2 Download and Install


The new version will be updated and maintained in hewm2008/MingPCACluster, please click below website to download the latest version

hewm2008/MingPCACluster

2.1. linux/MaxOS    Download


2.2 Pre-install
MingPCACluster is for Linux/Unix/macOS only.
Before installing,please make sure the following pre-requirements are ready to use.
1) convert command is recommended to be pre-installed, although it is not required
2) g++ : g++ with --std=c++11 > 4.8+ is recommended ?
3) zlib : zlib > 1.2.3 is recommended ?
4) R : R with ggplot is recommended


2.3 Install
Users can install it with the following options:
Option 1:

        git clone https://github.com/hewm2008/MingPCACluster.git
        cd MingPCACluster;	chmod 755 -R bin/*
        ./bin/MingPCACluster  -h 

3 Parameter description



3.1 MingPCACluster
3.1.1 Main parameter

	Usage: MingPCACluster  -InVCF  <in.vcf.gz>  -OutPut <outPrefix>

		-InVCF         <str>      Input SNP VCF Format
		-InGenotype    <str>      InPut Genotype File
		-InKinship     <str>      Input SNP K Kinship File Format
		-OutPut        <str>      OutPut File Prefix(Kinship PCA etc)

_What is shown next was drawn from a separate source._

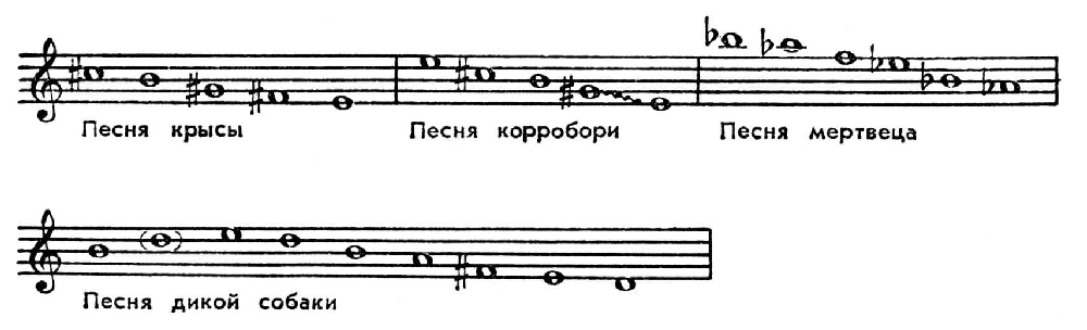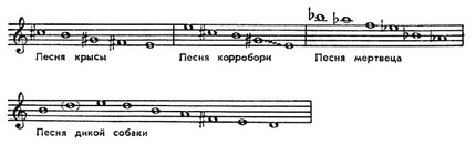 Австралийская музыка складывалась во взаимодействии двух совершенно различных муз. культур — коренных жителей континента и колонистов (гл. обр. англичан), заселявших Австралию с конца 18 в.и принёсших с собой европ. муз. культуру — нар. и профессиональную. На этой основе происходило формирование совр. А. м., к-рая в ходе своего развития приобрела типич. местные особенности. Муз. культура аборигенов Австралии, сохранившая множество архаич. черт, восходивших к древнейшему прошлому страны, синкретична и органически связана с их обществ. жизнью и бытовым укладом. Наиболее распространено песенное творчество. Песни обычно сопровождаются танцами, бытовыми и культовыми плясками — корробори, исполняющимися на празднествах, при разл. церемониях. Напевы австрал. песен короткие — секундового, терцового, реже квартового объёма, с характерным повтором звуков одной и той же высоты либо строящиеся в виде нисходящего, поступенного, как бы «сползающего» звукоряда. Объём звукоряда иногда расширяется до октавы и более (гл. обр. в напевах Центр. Австралии). Для песенных напевов типичны традиционные ритмич. формулы, выработанные в процессе отбивания ритма при исполнении песен, сопровождающих пляски. Ритмика нек-рых напевов, связанных с охотничьими обрядовыми плясками, — своего рода подражание прыжкам кенгуру, а также движениям других животных.

		-KinshipMethod <int>      Method of Kinship [1-4],defaut [1]
		                          1:BaldingNicolsKinship(VanRaden/Normalized_IBS)
		                          2:IBSKinshipImpute 3:IBSKinship 4:p_dis
		-ClusterMethod <str>      Method For Cluster[EM/Kmean/DBSCAN] [EM]

		-help                     Show more Parameters and help [hewm2008]


brief description for function:

	   #   用法一看即明,最基础的为 一个输入和输出即可 
     #       输入文件基因组格式见  pdf.主要为VCF和gem文件
	   #    更多说明后面将在知乎更新

	    MingPCACluster	-InSTOgem	Test.gem.gz	-OutPut	Test	-CellBin	100

          ### run without pop.info
          #   MingPCACluster	-InVCF	Khuman.vcf.gz	-OutPut	OUT
          ### run with  pop.info
        MingPCACluster	-InVCF	Khuman.vcf.gz	-OutPut	OUT	-InSampleGroup	pop.info 


3.1.2 Detail parameters

	Usage: MingPCACluster  -InVCF  <in.vcf.gz>  -OutPut <outPrefix>

		-InVCF        <str>      Input SNP VCF Format
		-InGenotype   <str>      InPut Genotype File
		-InKinship    <str>      Input SNP K Kinship File Format
		-OutPut       <str>      OutPut File Prefix(Kinship PCA etc)

		-KinshipMethod <int>      Method of Kinship [1-4],defaut [1]
		                          1:BaldingNicolsKinship(VanRaden/Normalized_IBS)
		                          2:IBSKinshipImpute 3:IBSKinship 4:p_dis
		-ClusterMethod <str>      Method For Cluster[Kmean/DBSCAN] [Kmean]

		-help                    Show more Parameters and help [hewm2008]

		-InSampleGroup <string>   In File of sampleGroup info,format(sample groupA)


		-MAF           <float>    Min minor allele frequency filter [0.001]
		-Fchr          <str>      Filter the chrX chr[chrX,chrY,X,Y]
		-Miss          <float>    Max ratio of miss allele filter [0.25]
		-Het           <float>    Max ratio of het allele filter [1.00]
		-HWE           <float>    Exact test of Hardy-Weinberg Equilibrium for SNP Pvalue[0]
		-SubPop        <str>      Sub Sample File List to PCA[ALLsample]
		-KeepRemainVCF            keep the VCF after filter

		-RandomCenter             Random diff-center to Re-Run Cluster for Kmean
		-BestKRatio    <float>    Get the best K Cluster by deta-SSE Ratio[0.15]
		-MaxCluNum     <int>      Max Cluster Num to find Best K [12]
		-MinPointNum   <int>      Minimum point number of D-cluster[4]
		-Epsilon       <float>    Epsilon for DBSCAN_Distance/EM_convergence (auto)
		-Iterations    <int>      Iterations number for EM clustering[500]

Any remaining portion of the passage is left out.